**Exercise prompt**
Copy the data exactly, pictures aside.

**Provided material**
◇ ◇ ◇ ◇

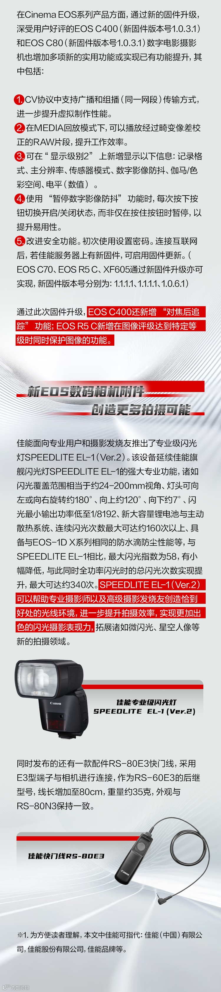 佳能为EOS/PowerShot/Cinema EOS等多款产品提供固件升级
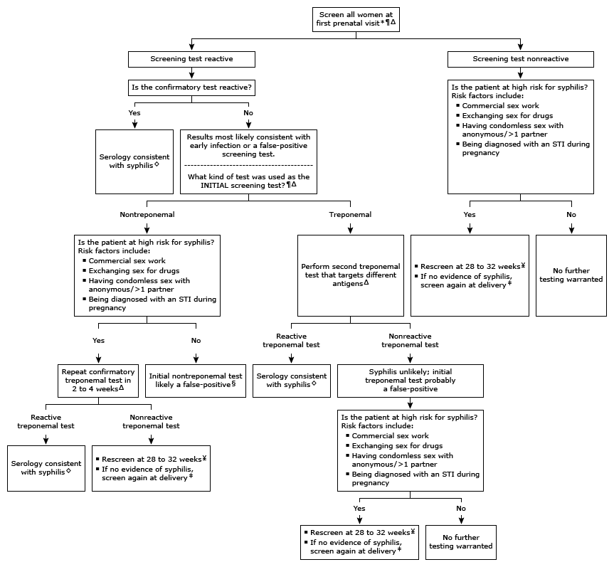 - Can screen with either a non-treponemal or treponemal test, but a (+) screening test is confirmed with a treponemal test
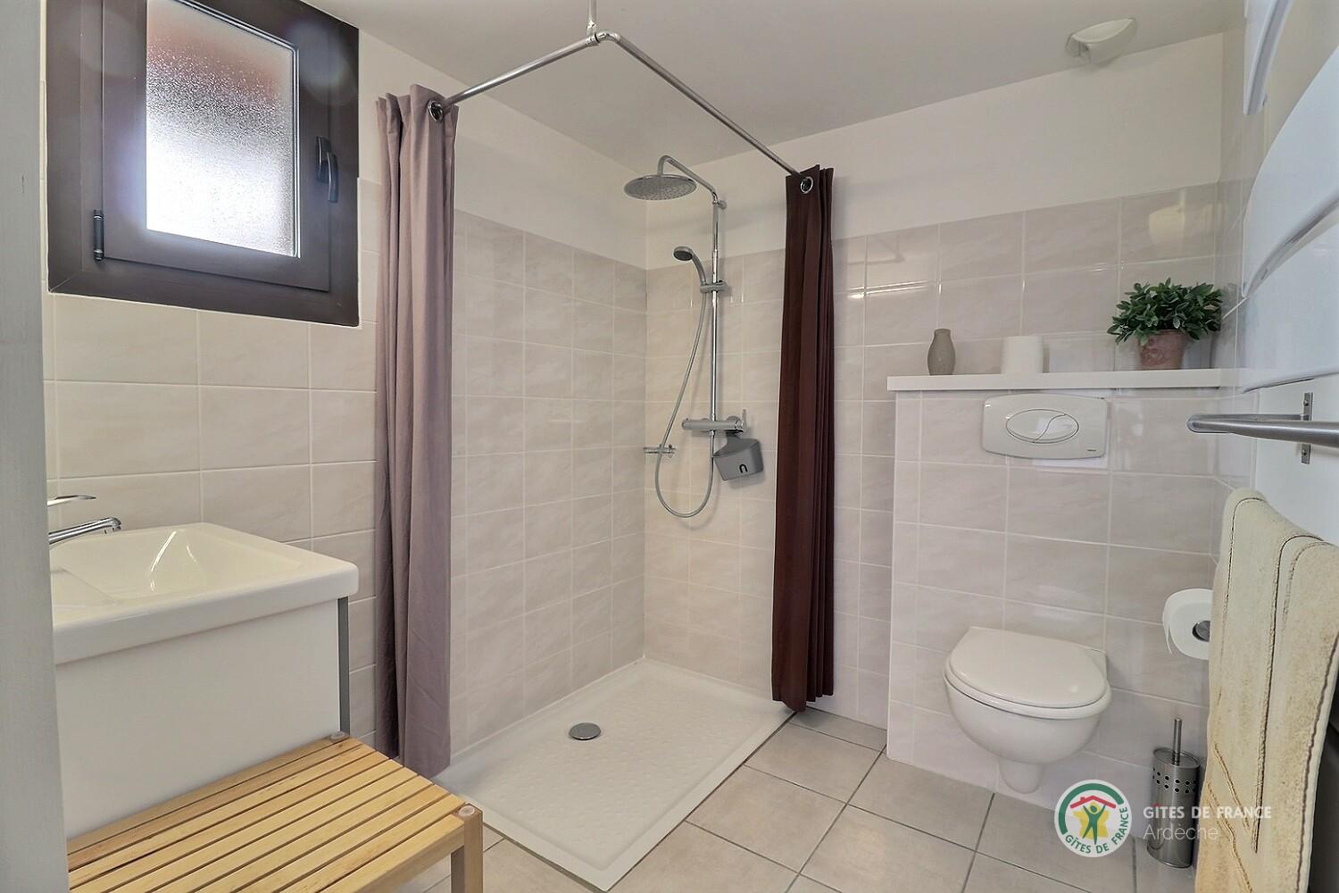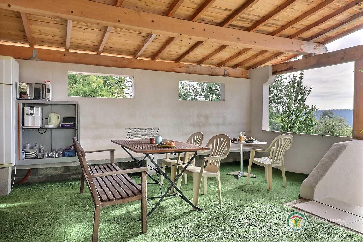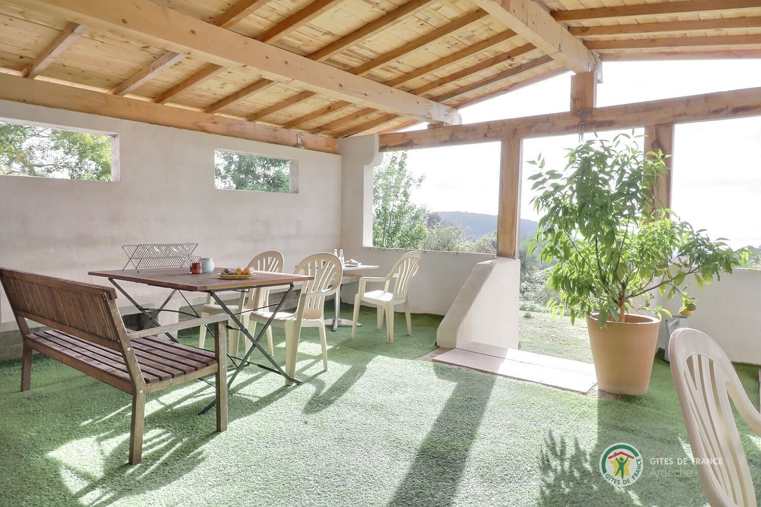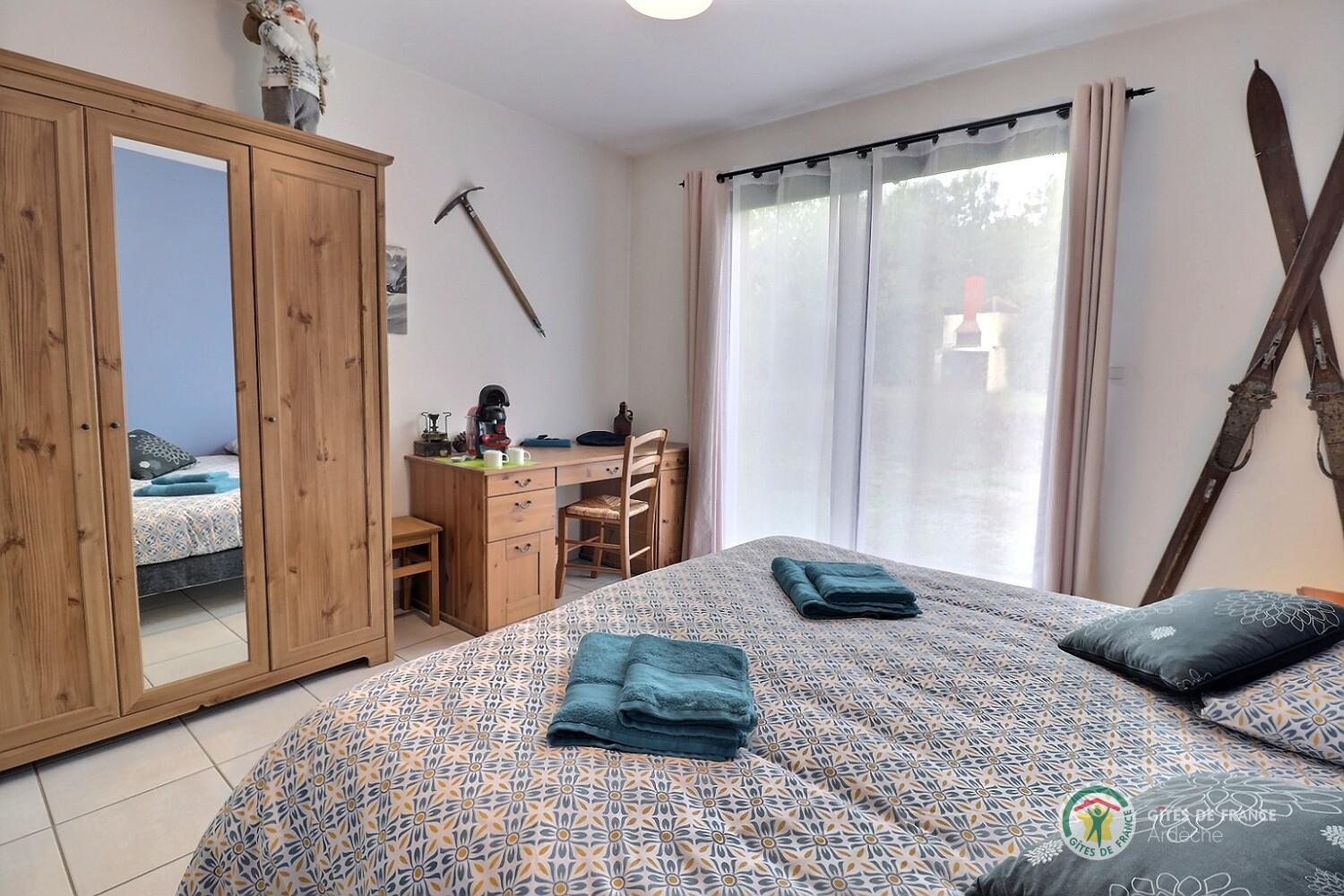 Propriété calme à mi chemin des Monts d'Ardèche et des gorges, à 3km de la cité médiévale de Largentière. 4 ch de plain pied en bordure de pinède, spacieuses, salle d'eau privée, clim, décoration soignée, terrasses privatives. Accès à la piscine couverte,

◇ ◇ ◇ ◇

**Response to the task**
 佳能为EOS/PowerShot/Cinema EOS等多款产品提供固件升级
 - Can screen with either a non-treponemal or treponemal test, but a (+) screening test is confirmed with a treponemal test
 Propriété calme à mi chemin des Monts d'Ardèche et des gorges, à 3km de la cité médiévale de Largentière. 4 ch de plain pied en bordure de pinède, spacieuses, salle d'eau privée, clim, décoration soignée, terrasses privatives. Accès à la piscine couverte,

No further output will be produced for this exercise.